Yazzie decided that she wanted to start a specifically Native American
theater company to foster and support Native voices, and New Native
Theater was founded in January of this year. The theater company
has conducted several readings celebrating Native authors and also
comedy events. The company plans to produce its first full production
at the end of this year. The company aims to nurture Native artists,
connect to the community, and "heal the wounds in the colonial
narrative and in Native America's personal stories through theatre,"
according to its website.
The
first production by NNT, for which they received funding from the
Metropolitan Regional Arts Council, will be a
community-created piece premiering in December. The creation of
the play involves workshops with community members and professional
actors. The process will use the Cornerstone Theater model, which
aims to bring theater to people who have never experienced it, Yazzie
said.
The
play in December will be about dreams. Yazzie said that a few years
ago, a friend of hers told her about a dream in which shewas pushed
out of her home. Yazzie said she thought it was weird because she
had often had a similar dream. The play therefore will be "an
investigation into what our Native community is dreaming,"
Yazzie said. She hopes that holding workshops and connecting with
the community will be a way "put another angle on our experience,"
she said, "an angle that no one ever thinks about."
Yazzie
said that she doesn't just want to do theater the same old way.
"I don't want to just have the same old nonprofit machine and
paint it red," she said. "That won't work in our community.

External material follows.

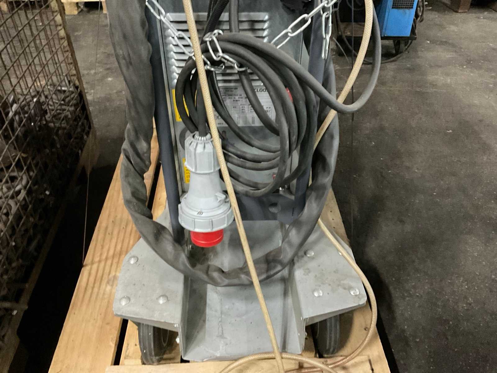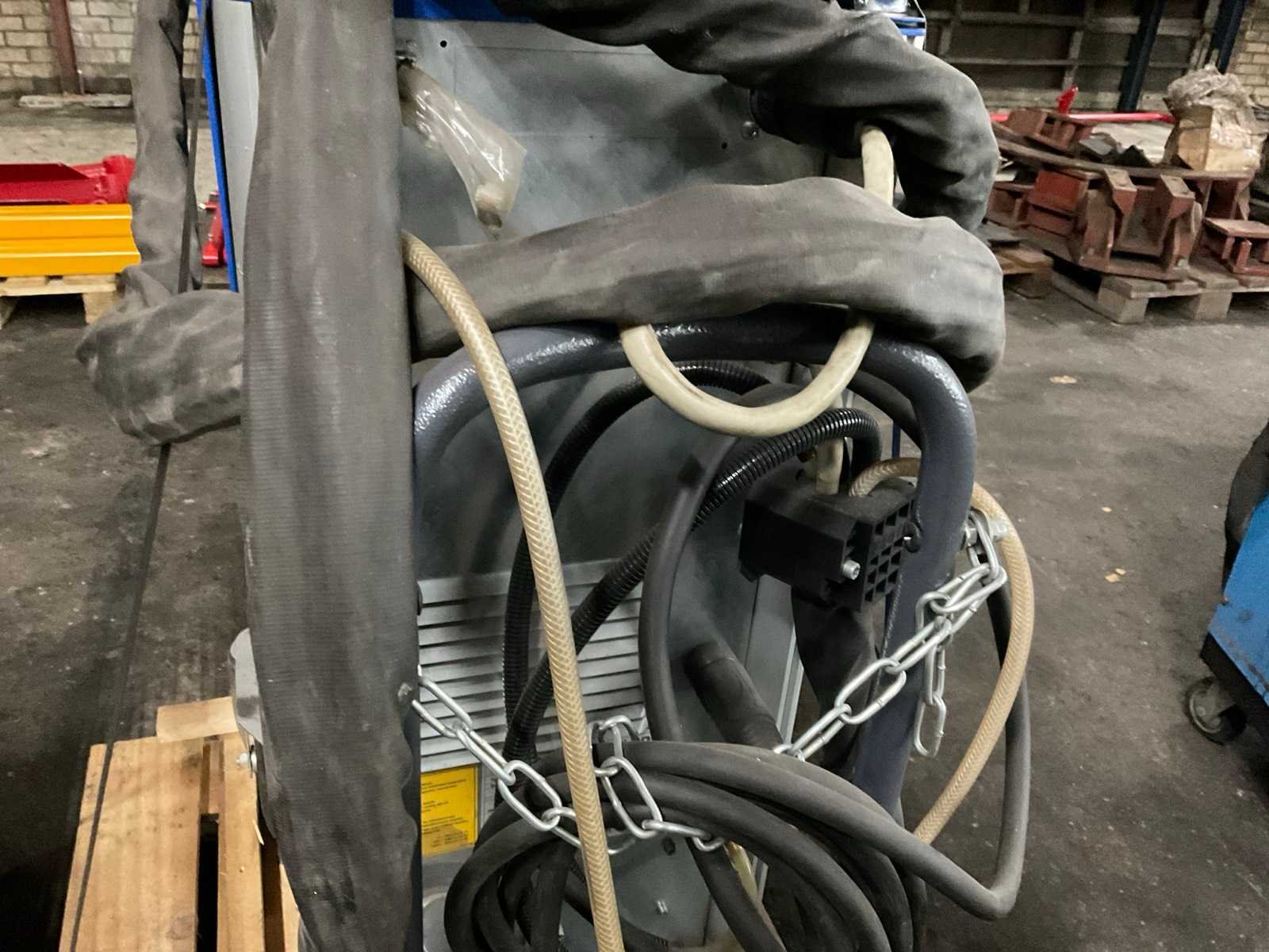Zonder toorts. Merk: Cloos Type: Qineo Tronic Pulse 350 Inschakelduur: 60% Max. lasvermogen: 350A Aansluiting: 400V Afmeting l: 1070mm Afmeting b: 450mm Afmeting h: 1350mm
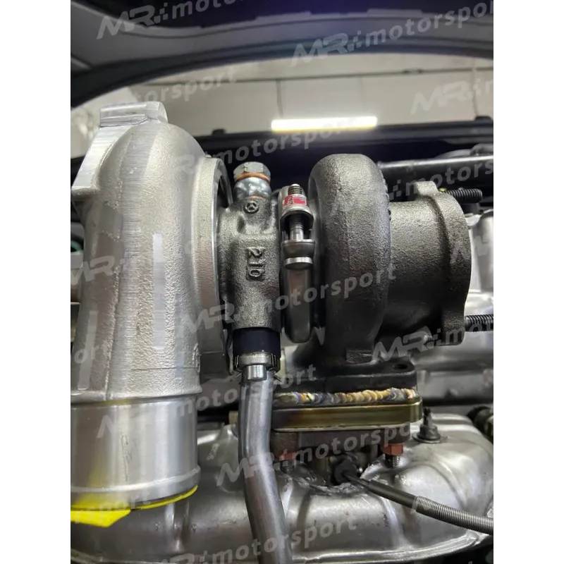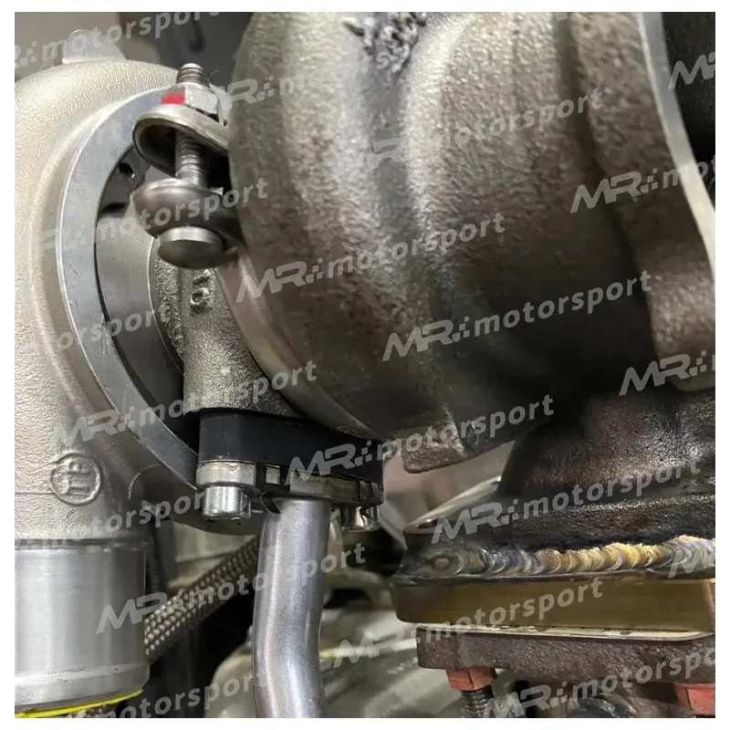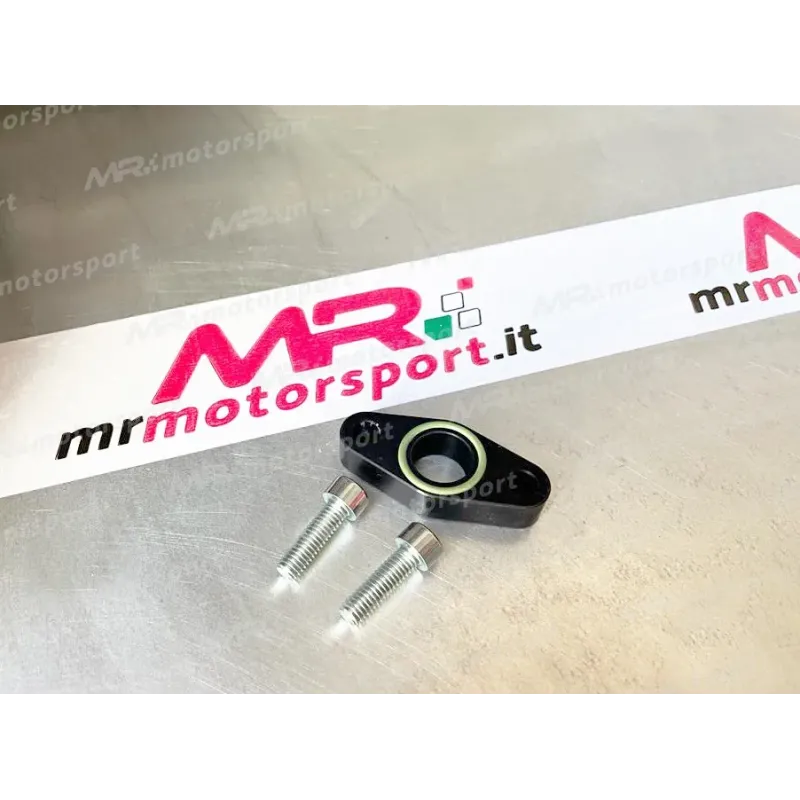 Distanziale ritorno olio ricavato dal pieno a Cnc anodizzato nero da utilizzare per montare la turbina TD04-GBC con il tubo originale della GARRET 1446

Our community has specific needs and experiences." Therefore
NNT's artists will be more engaged in the community involve the
community in our artwork, according to Yazzie.
Another
playwright, Marcie Rendon, who is enrolled in the White Earth reservation,
has lived in the Twin Cities since 1978. She said the Twin Cities
was great for Native writers both because of the Native American
writing community but also because of the great writing community
in general. Rendon said she's friends with a lot of Native writers,
but she isn't attached to a particular group or organization. In
the past she belonged to a writing group run by Juanita Espinoza,
from the Native Arts Circle, which she found very supportive.
Rendon
has written for Child's Play Theater (now Stages Theatre Company,
in Hopkins), Patrick's Cabaret, various Fringe Festival shows, and
Eye of the Storm. One challenge, she said, as a Native playwright,
is that "there is some thinking about what an Indian play is
or what Indian theater is. Either people want us to write mythological
kinds of pieces, or a tokenized view point."
This
weekend, Rendon will perform in True Ghost Stories, presented by
Spirit in the House, at the Black Forest Inn. One of the writers
she will be performing with is Bobby Wilson, a young man with many
talents including street art, painting, graphic art, comedy, and
spoken word.
Wilson
said that as a young Native man, his heritage is "kind of the
root of all the work that I do."
Wilson
said that the number of Native American spoken word artists here
in the twin cities is smaller than in other parts of the country,
particularly the southwestern United States, where places like Arizona
have a strong presence by Native American spoken word artists.
Wilson
said that what makes Native American spoken word artists unique
is their content, which-as with much spoken word-remains largely
based in hip hop and African-American rhythms. In all the art that
he creates, Wilson's greatest mentors have been African-American
or Hmong. There's a tendency to gravitate toward African American
styles, he said, because both communities are rooted in a voice
of struggle. "In such a black and white society," he said,
"one feels like they have to choose they have to act like."
LeGarde
also sees connections between Native literature and the stories
of other communities. She feels particularly honored to receive
the Flannery O'Connor award, she said, because just as O'Connor
told "the big story" of the American South, LeGarde writes
of the "big story" of the Anishinabe people. "The
people in my stories are part of a collective story."